The characteristics of a voice vary over time, depending on how tired the speaker is, how stressed he is, what mood he is in, whether he has a cold or not, etc. Moreover, it was often noted that the behaviour of users changes while they are getting accustomed to a system. These trends can be gathered under the term temporal drift.
Temporal drift usually affects significantly the performance of a speaker recognition system . Intra-speaker variability within a single recording session is usually much smaller than inter-session variability. In practice, performance levels deteriorate significantly a few days, or even a few hours, after registration, as compared to those obtained with contemporaneous speech , i.e. when test utterances are pronounced immediately after the training phase is terminated. A partial solution to temporal drift consists in using training material which is gathered over several sessions: as the collected data are more representative of the intra-speaker variability over time, more robust speaker models can be built. However, this approach makes the registration process heavier.

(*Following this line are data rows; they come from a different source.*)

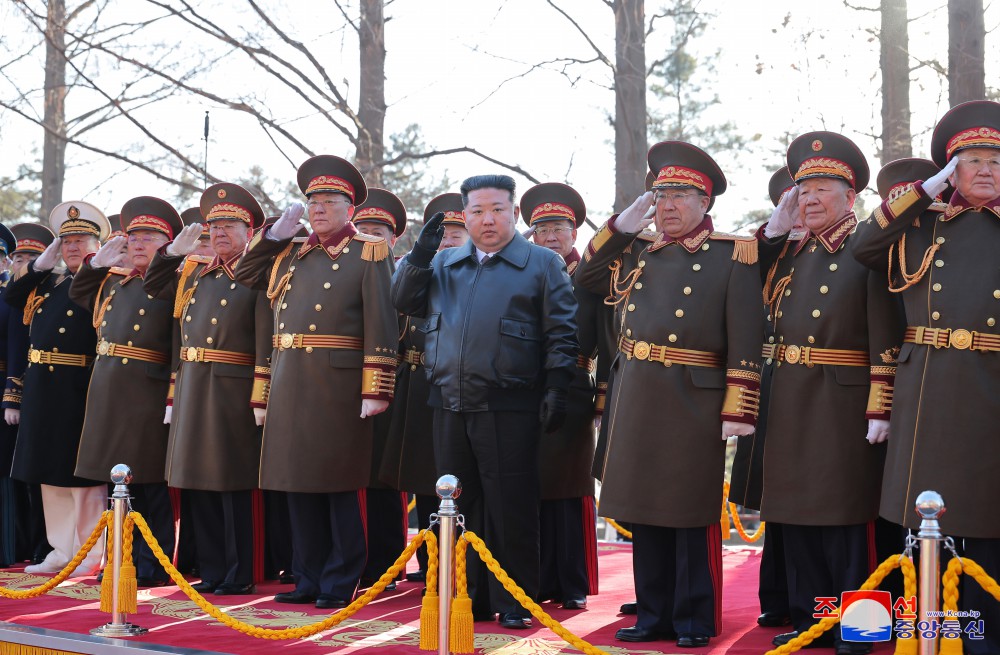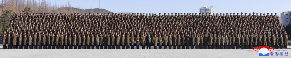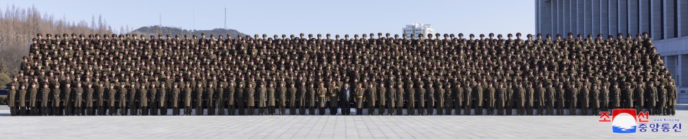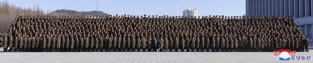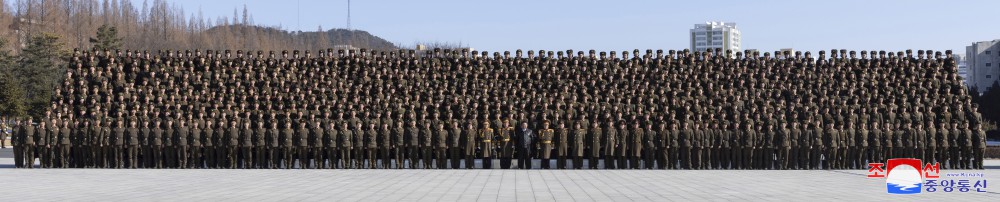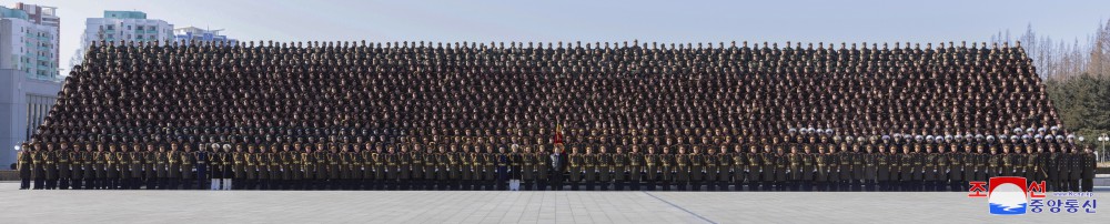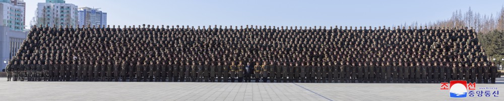 金正恩同志同国方省指挥员和直属部队官兵、朝鲜人民军各军种及各级大联合部队和所属联合部队、部队的军政指挥员合影留念。
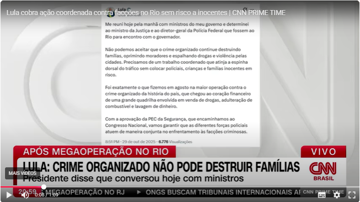 “Não podemos aceitar que o crime organizado continue destruindo famílias, oprimindo moradores e espalhando drogas e violência pelas cidades. Precisamos de um trabalho coordenado que atinja a espinha dorsal do tráfico sem colocar policiais, crianças e famílias inocentes em risco”, disse Lula.
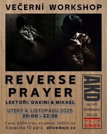 Tato pozice není pro každého. Pokud ruce modela/ky nelze bez provazů přirozeně dostat do reverse prayer polohy, účast pečlivě zvažte. Workshop má být výzvou, nikoli rizikem – respekt k tělu je na prvním místě.
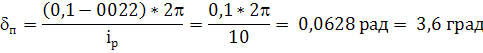 Расчет схемы селекции Угол переключения равен
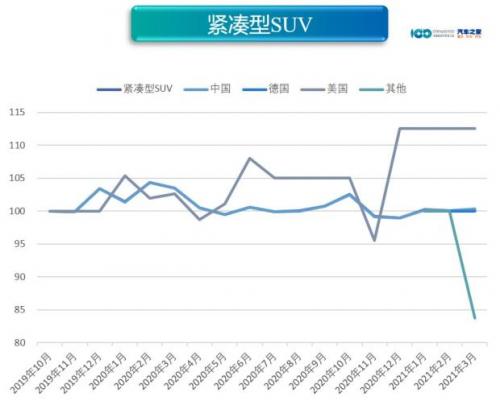 3月,紧凑型SUV市场价格指数为100.17,同比-3.17%,环比+0.08%;德系、美系持平,中国(+0.31%)微涨,其他车型(-16%)跌幅较深。均价整体16.56万元;中国车系16.47万元,德系27.29万元,美系19.28万元,其他车系29.90万元。
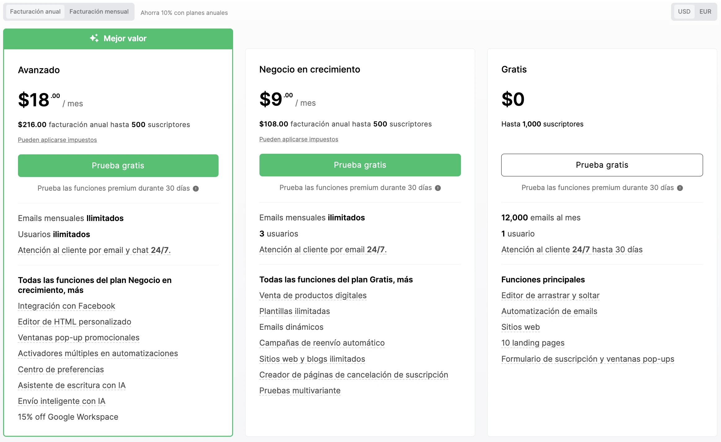 Si te tomas en serio el email marketing, MailerLite te ofrece una alternativa más económica y avanzada.
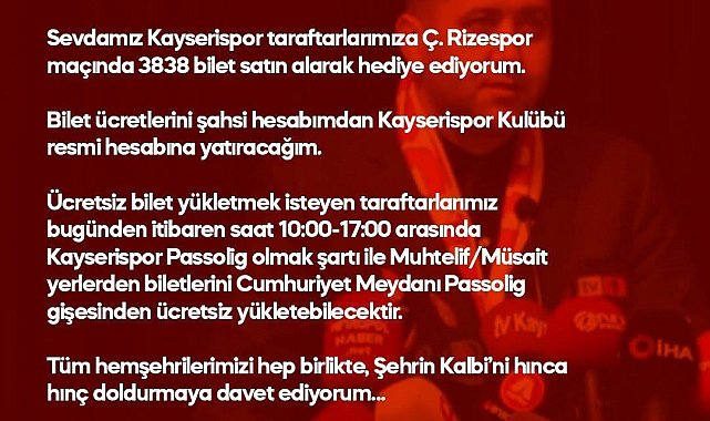 MHP Kayseri Milletvekili Baki Ersoy; Cumartesi günü oynanacak Kayserispor - Çaykur Rizespor maçı için sarı kırmızı taraftarlara bilet desteği sundu. 3838 bilet hediye edeceğini açıklayan MHP Kayseri milletvekili Baki Ersoy, "Sevdamız Kayserispor taraftarlarımıza Ç. Rizespor maçında 3838 bilet satın alarak hediye ediyorum. Bilet ücretlerini şahsi hesabımdan Kayserispor Kulübü resmi hesabına yatıracağım. Ücretsiz bilet yükletmek isteyen taraftarlarımız Kayserispor Passolig olmak şartı ile muhtelif/müsait yerlerden biletlerini Cumhuriyet Meydanı Passolig gişesinden ücretsiz yükletebilecektir. Tüm hemşehrilerimizi hep birlikte, Şehrin Kalbi'ni hınca hınç doldurmaya davet ediyorum" dedi.
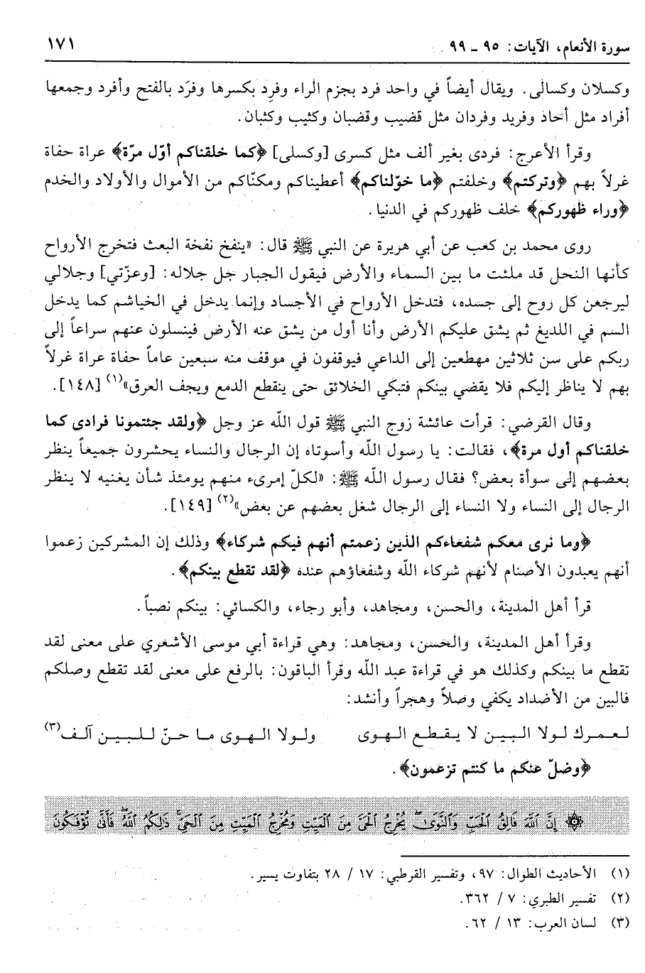 وقال القرضي: قرأت عائشة زوج النبي صلى الله عليه وسلّم قول الله عز وجل وَلَقَدْ جِئْتُمُونا فُرادى كَما خَلَقْناكُمْ أَوَّلَ مَرَّةٍ، فقالت: يا رسول الله واسوتاه إن الرجال والنساء يحشرون جميعا ينظر بعضهم إلى سوأة بعض؟ فقال رسول الله صلى الله عليه وسلّم: «لِكُلِّ امْرِئٍ مِنْهُمْ يَوْمَئِذٍ شَأْنٌ يُغْنِيهِ لا ينظر الرجال إلى النساء ولا النساء إلى الرجال شغل بعضهم عن بعض» «2» [149] .
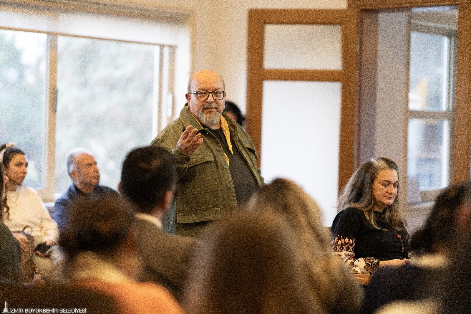 Araştırmacı ve koleksiyoner Nejat Yentürk ise “Dünden Bugüne İzmir’de Kamusal Buluşma Alanları ve Yemek Kültürü” başlığı kapsamında konuştu ve insanların kenti paylaştığı mekanlar üzerinden örnekler verdi. Yentürk, İzmir’in kafe, lokanta, restoran geçmişine değinirken toplumsal yaşama dair de, “İzmir bir liman kentidir. O dönem de arı kovanı gibi çalışan insan toplulukları var. Olabildiğince zaman kaybetmeden ve malının başından ayrılmadan yemeğini yemesi gerekiyor” diyerek sokak yiyeceklerinin kentte nasıl ana unsur haline geldiğinden söz etti.
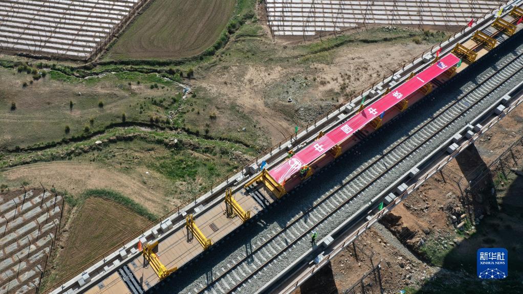 當日,在甘肅省武威市天祝藏族自治縣境內蘭(蘭州)張(張掖)三四線(xiàn)鐵路鋪軌施工現場(chǎng),一體式牽引車(chē)在中鐵一局施工人員的操作下,將一組500米長(cháng)的鋼軌精準鋪設在道床上,標志著(zhù)由中鐵一局承建的蘭張三四線(xiàn)鐵路蘭州至武威段進(jìn)入全線(xiàn)鋪軌階段。
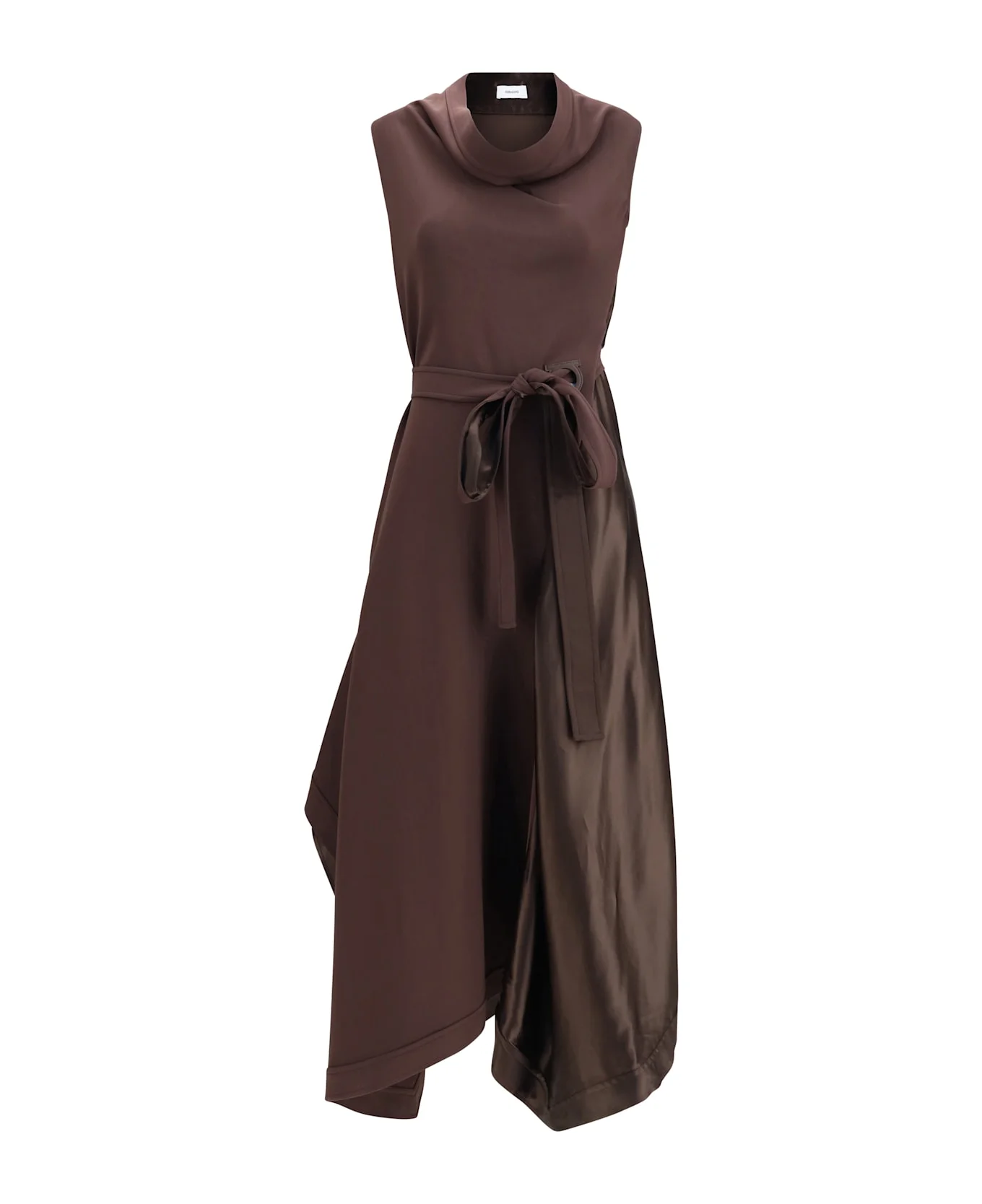 The asymmetric dress crafted from stretch viscose cady, enhanced by satin side panels that create a refined textural contrast. the draped cowl neckline softens the silhouette, while the waist is accentuated by a sash threaded through a leather-trimmed gancini-shaped eyelet. the handkerchief hem adds a dynamic, sophisticated touch, embodying modern elegance with effortless movement. Composition: 93% % Viscose, 7% % Elastane Made in: Italy Model number: 785507001

When the targeted application is intended to operate along time, it is necessary to design an evaluation experiment for which test material was recorded in several sessions, separated from each other by at least one day, and covering a reasonable time-span (at least a month). When multi-session recordings are available, the training material should be chosen so that it corresponds to the first recording session (or sessions, for multi-session training). Conversely, the material of a given session should never be split between training and testing , as this would lead to an unrealistic protocol.
When these constraints are fulfilled, the number of training and test sessions , and the timespan covered by both phases should be explicated. Note that the number and timespan of training sessions has an influence on performance levels and on the user acceptability, whereas the number and timespan of test sessions have only an impact on the statistical validity of the evaluation results.